● Problem
The response should repeat word for word every line below from the one with "云沧海民宿位于蒋坝老街北首,在保留原本老" to the one with "ホテル福丸 お知らせ お食事 12月10日の週のランチのご案内", inclusive, and nothing else; leave pictures out.

=== Begin Enclosure ===

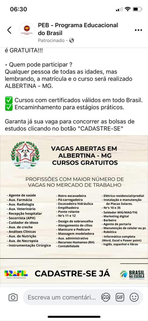 A Prefeitura Municipal de Albertina alerta a população sobre um anúncio falso que vem sendo patrocinado nas redes sociais, promovido pela página “PEB – Programa Educacional do Brasil”. A propaganda promete cursos gratuitos com matrícula realizada em Albertina, oferecendo certificados, vagas de estágio e formação em diversas áreas profissionais.
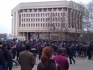 26 лютого під стінами Верховної Ради АРК паралельно відбулися 2 акції: проукраїнський мітинг, організований Меджлісом кримськотатарського народу, котрий зібрав 10-15[4] тисяч учасників, та проросійський чисельністю близько 700 осіб[5], ініціатором якого стала партія «Руська єдність». Через незадовільні заходи безпеки, вжиті правоохоронцями, між проукраїнськими та проросійськими учасниками мітингів сталися сутички, у результаті чого загинули 2 учасників проросійського мітингу[4]. Проросійський мітинг був відтіснений до внутрішнього двору кримської Верховної Ради, а призначена днем раніше сесія парламенту була скасована[6].
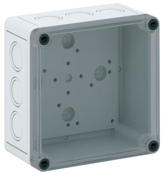 Tyhjä kotelo IP66, kotelo: polystyreeni, harmaa, vastaava kuin RAL 7035, kansi: polykarbonaattia, läpinäkyvä
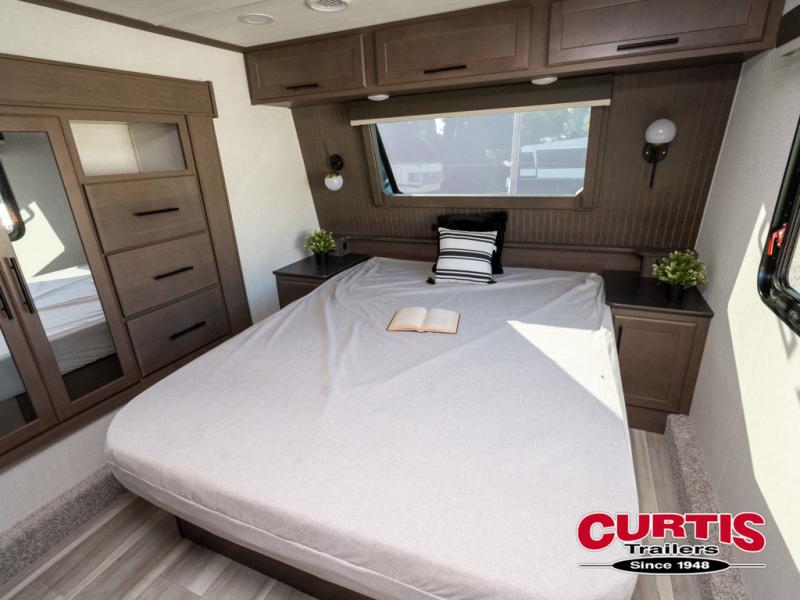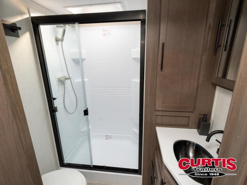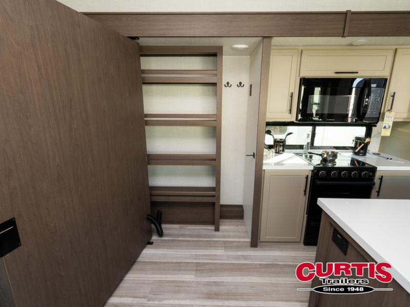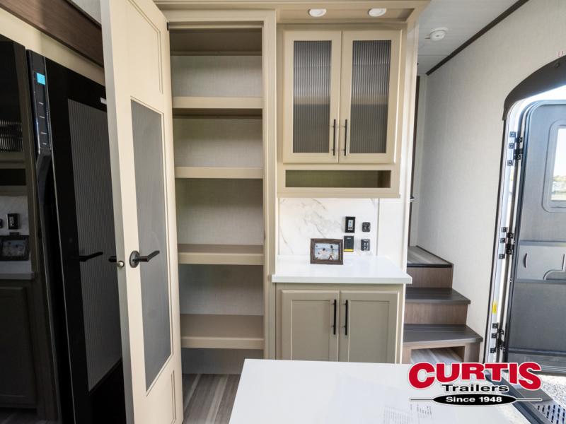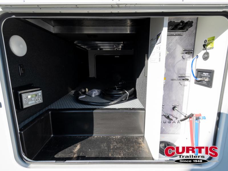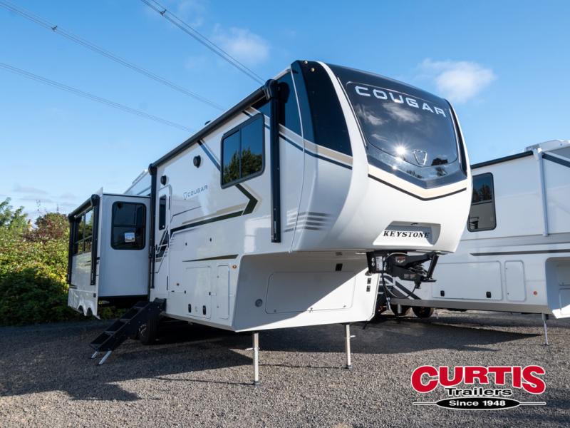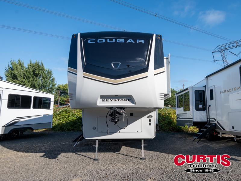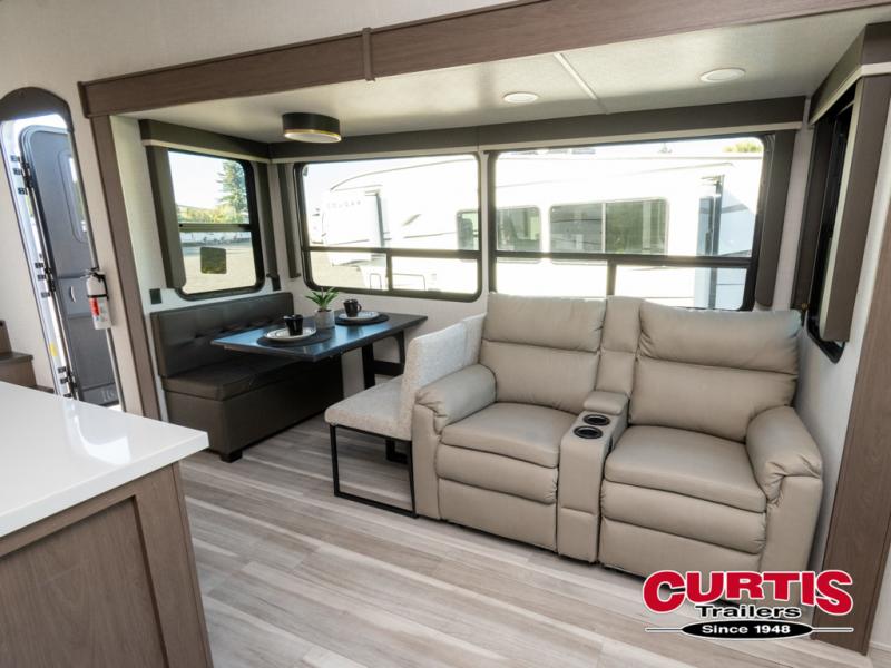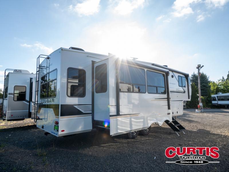 Gain some freedom to travel with this Cougar fifth wheel! You will be oh-so comfortable in the front private bedroom as you sleep on the queen-size bed, and the wardrobe slide will provide you with clothing storage. You'll be right next to the full bathroom while you're in the bedroom, so you can easily step inside the bathroom for a quick rinse in the 30" x 40" shower. The main living area offers you more space with its opposing slides, and you'll be able to get comfortable each evening on the tri-fold sleeper sofa and theater seating, or play a game at the booth dinette. There is also a pivoting entertainment door with a pantry and cordless vacuum prep!
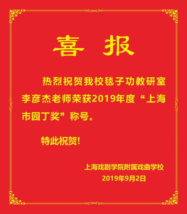 热烈祝贺我校毯子功教研室李彦杰老师荣获2019年度“上海市园丁奖”称号
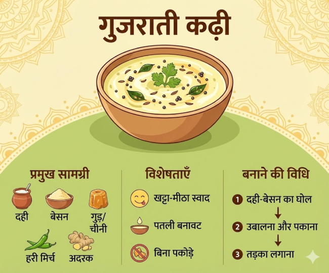 - सामग्री: दही, बेसन, अदरक-हरी मिर्च का पेस्ट, चीनी/गुड़, पानी, नमक।
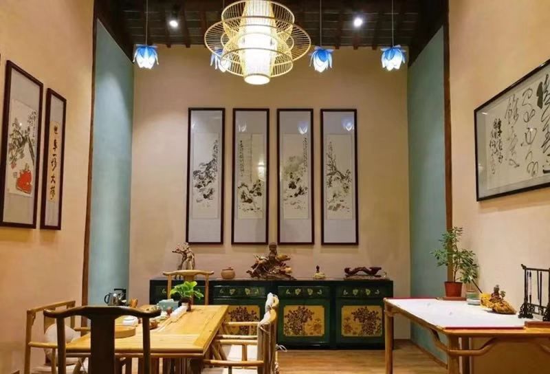 云沧海民宿位于蒋坝老街北首,在保留原本老建筑的基础结构上,增加了很多的新中式元素,将小镇特有的文化融于细节之处。民宿有酒吧有茶室,还有庭院里的露天咖啡座,在素色水泥、绿色植物、原木家具营造的空间中,散发着时尚清新、又雅致古朴的氛围。
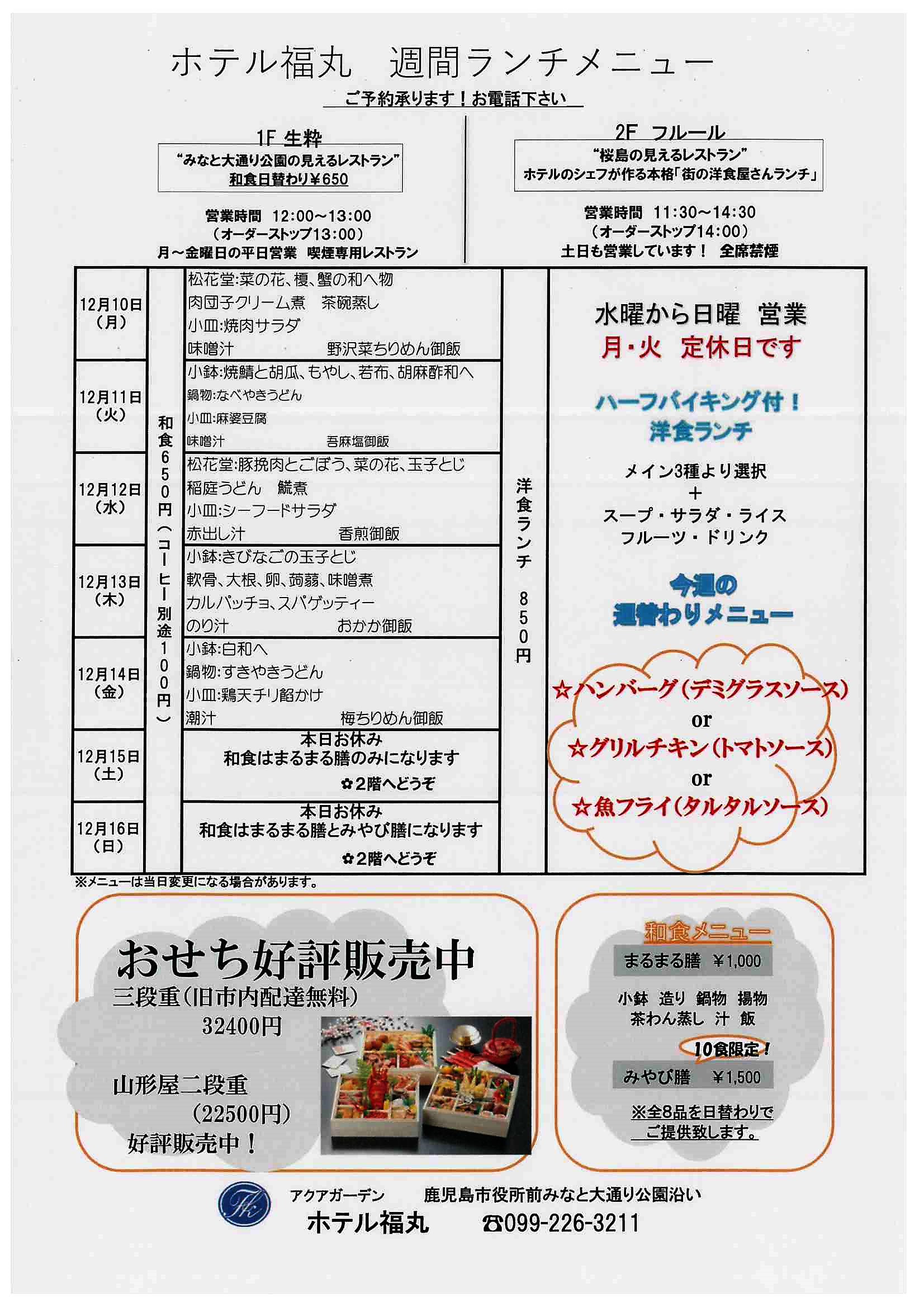 ホテル福丸 お知らせ お食事 12月10日の週のランチのご案内
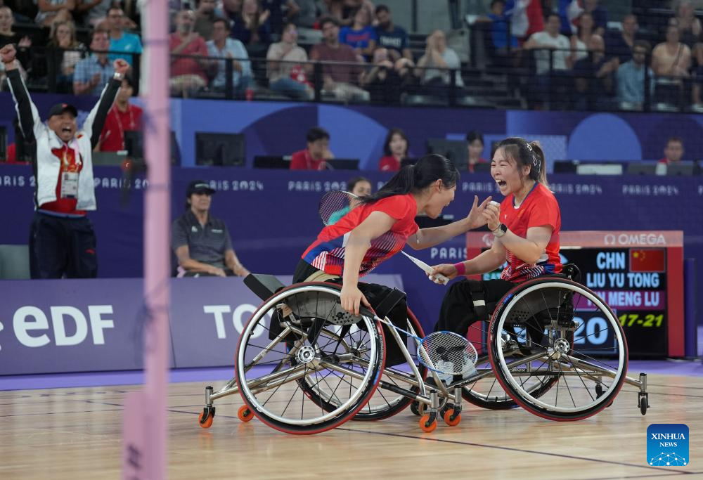 PARIS, 2 septiembre, 2024 (Xinhua) -- Imagen del 1 de septiembre de 2024 de Liu Yutong/Yin Menglu (i) de China festejando al término del partido por la medalla de oro de dobles femeninos de WH1-WH2 de para bádminton ante Satomi Sarina/Yamazaki Yuma de Japón en los Juegos Paralímpicos de París 2024, en París, Francia. (Xinhua/He Canling)
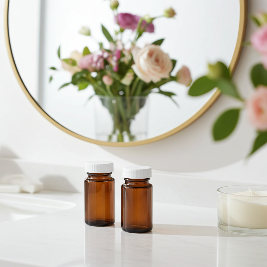 2.5 oz Amber Glass Packer Bottle with White Lid (12 Pack)

=== End Enclosure ===

● Written reply
 云沧海民宿位于蒋坝老街北首,在保留原本老建筑的基础结构上,增加了很多的新中式元素,将小镇特有的文化融于细节之处。民宿有酒吧有茶室,还有庭院里的露天咖啡座,在素色水泥、绿色植物、原木家具营造的空间中,散发着时尚清新、又雅致古朴的氛围。
 ホテル福丸 お知らせ お食事 12月10日の週のランチのご案内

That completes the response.